Data below:

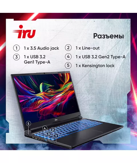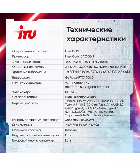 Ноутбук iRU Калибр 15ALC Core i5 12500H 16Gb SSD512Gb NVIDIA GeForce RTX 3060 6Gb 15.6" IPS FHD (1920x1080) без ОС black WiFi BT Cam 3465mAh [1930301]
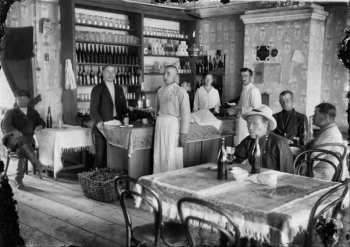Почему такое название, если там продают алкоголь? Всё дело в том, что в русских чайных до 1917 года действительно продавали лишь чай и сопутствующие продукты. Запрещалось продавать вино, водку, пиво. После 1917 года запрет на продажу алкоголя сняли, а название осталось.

End of Data.
Data below:

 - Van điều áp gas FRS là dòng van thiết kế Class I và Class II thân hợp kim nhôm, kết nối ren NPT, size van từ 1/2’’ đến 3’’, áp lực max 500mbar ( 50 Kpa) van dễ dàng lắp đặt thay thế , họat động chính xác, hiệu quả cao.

End of Data.

## Exercise description
Print nothing except the lines above from the one containing "Ноутбук iRU Калибр" down to the one containing "Почему такое название, если", both included, exactly as written and free of pictures.

## Solved problem
 Ноутбук iRU Калибр 15ALC Core i5 12500H 16Gb SSD512Gb NVIDIA GeForce RTX 3060 6Gb 15.6" IPS FHD (1920x1080) без ОС black WiFi BT Cam 3465mAh [1930301]
Почему такое название, если там продают алкоголь? Всё дело в том, что в русских чайных до 1917 года действительно продавали лишь чай и сопутствующие продукты. Запрещалось продавать вино, водку, пиво. После 1917 года запрет на продажу алкоголя сняли, а название осталось.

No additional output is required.